At a hearing last year, Reyes admitted killing at least 16 people as part of the gang’s efforts to control the drug market here through extortion and violence. He was charged only in connection to five killings because some evidence on the others didn’t match his admissions.

Without making a deal with prosecutors, Reyes pleaded guilty in July to 10 counts on charges that included violent crime (murder) in aid of racketeering and aiding and abetting the use of a firearm during a crime of violence.

Reyes’ lawyer, Brandon Hudson, asked Ezra to run the life sentences concurrently, but the judge turned him down.

According to court records, Reyes was the go-to guy for the gang’s “green light” hits.
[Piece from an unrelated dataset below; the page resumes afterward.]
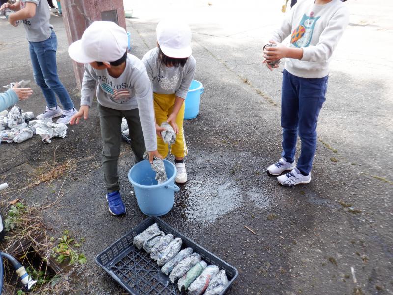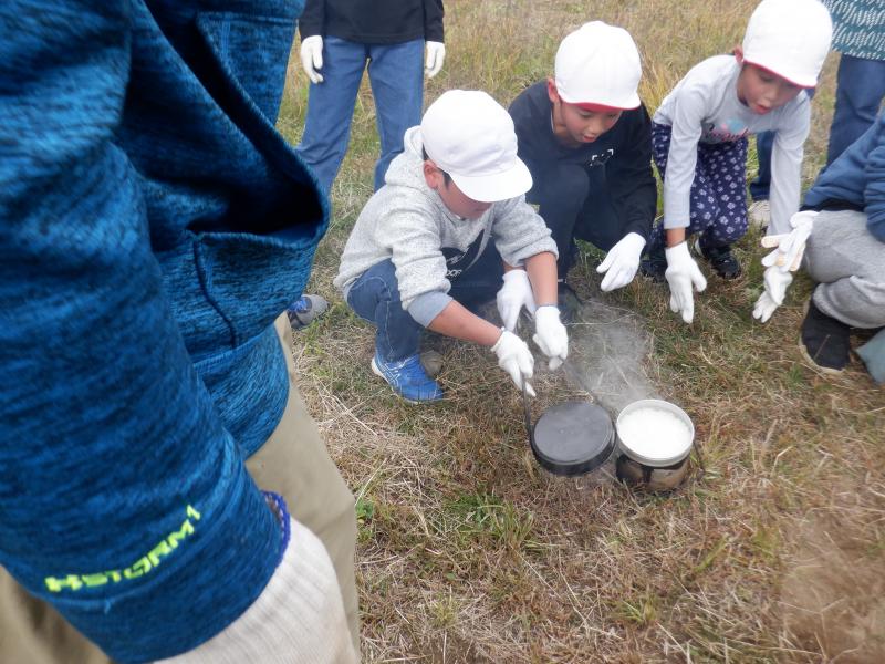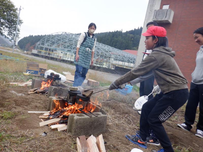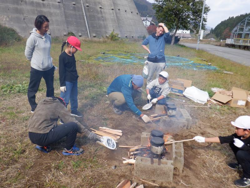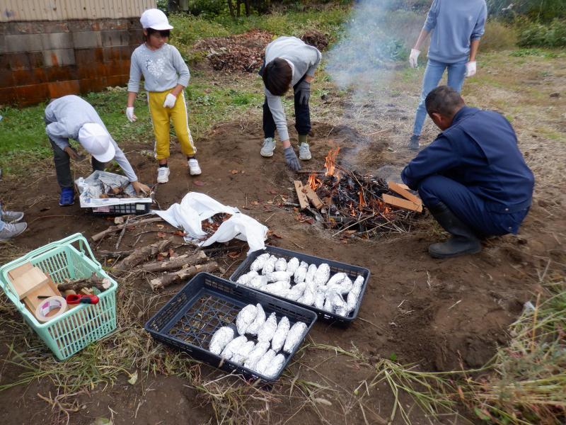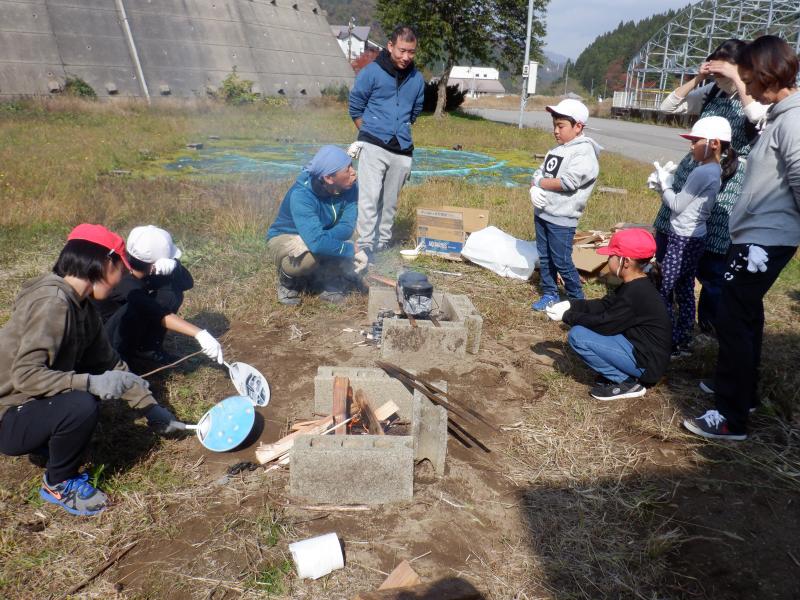 今年度初めての取組として全校で「収穫祭」を行いました。 収穫祭では、地域の方にご指導いただきながら田植えや稲刈りをしたお米と学校農園で育てた野菜を使って、飯ごうで炊いたご飯、焼き芋、めった汁を作りました。また、いしかわ教育ウィークに合わせて保護者の方々にもお声かけし、ご協力いただきました。そして、学習などでお世話になった地域の方々を招待し、調理したお料理を一緒に食べました。 調理は、飯ごう炊飯チームと焼き芋チームに分かれて行いました。(めった汁は職員チームです)火起こしは子どもたちにとって初めての経験です。もくもくと上がる煙にむせながらも、小枝や木切れをくべたり、うちわで扇いだりしながらしっかりと火の管理ができました。飯ごうでご飯が炊き上がり、蓋を取ったときには「おぉ~」の歓声と同時に自然と拍手が起こりました。焼き芋チームは、40本のさつまいもをきれいに洗い、新聞紙で巻いてぬらし、アルミホイルで包む作業を行いました。たくさんあったので大変でしたが、みんなで協力してできました。 さて、いよいよみんなでいただく時間がやってきました。青空の下、自分たちの育てた野菜を使ったお料理は、最高に美味しかったようで、ほとんど全員がおかわりをして食べていました。お世話になった地域の方やお家の方も一緒だったので、余計に美味しかったのかもしれません。 さて、この会では、初めて3年生の子どもたちが司会進行等を行いました、また、3年生が国語科の学習と関連づけて、招待した地域の皆さんに感謝の気持ちを伝えるための発表(全校ダンス)を計画してくれました。3年生の呼びかけで昼休みを利用しダンスや感謝の言葉の練習を何度か行い、当日は、来てくださった皆様に喜んでいただくことができました。3年生が練習の目的や動きの指示など適切に伝える姿とそれをしっかりと聞き、真剣に練習する姿に驚きと感動を覚えました。特に5・6年生が3年生を温かく見守り、その通りに行動する姿は本当に立派であり、よい雰囲気の中、楽しく練習ができました。子どもたちのおかげで、食に感謝、人に感謝、自然に感謝、地域に感謝・・・など、たくさんの感謝の気持ちが育まれた素晴らしい収穫祭になりました。

Among those he admitted killing was fellow gang member Ulysses Farias, 36, in October 2013 and three high-ranking members of the gang in January 2014 who had fallen out of favor.

Reyes also told investigators he passed down orders targeting Pesina, 29, who was off duty when he was shot outside his tattoo shop on May 4, 2014, while delivering payment for a street tax imposed by the gang. Pesina was under FBI investigation at the time for drug-dealing activity but was killed because he had falsely claimed membership in the gang, court records said.

Shortly after those killings, Reyes learned that his own gang wanted him dead and went to the San Antonio Police Department for protection. Over at least two days, he confessed to the SAPD and the FBI about several killings and helped investigators find the makeshift grave near Pearsall containing three victims he shot in January 2014: Texas Mexican Mafia general Carlos “Worm” Chapa, captain Mark Anthony “Lefty” Bernal, and “lieutenant of lieutenants” Johnny “Smiley” Solis.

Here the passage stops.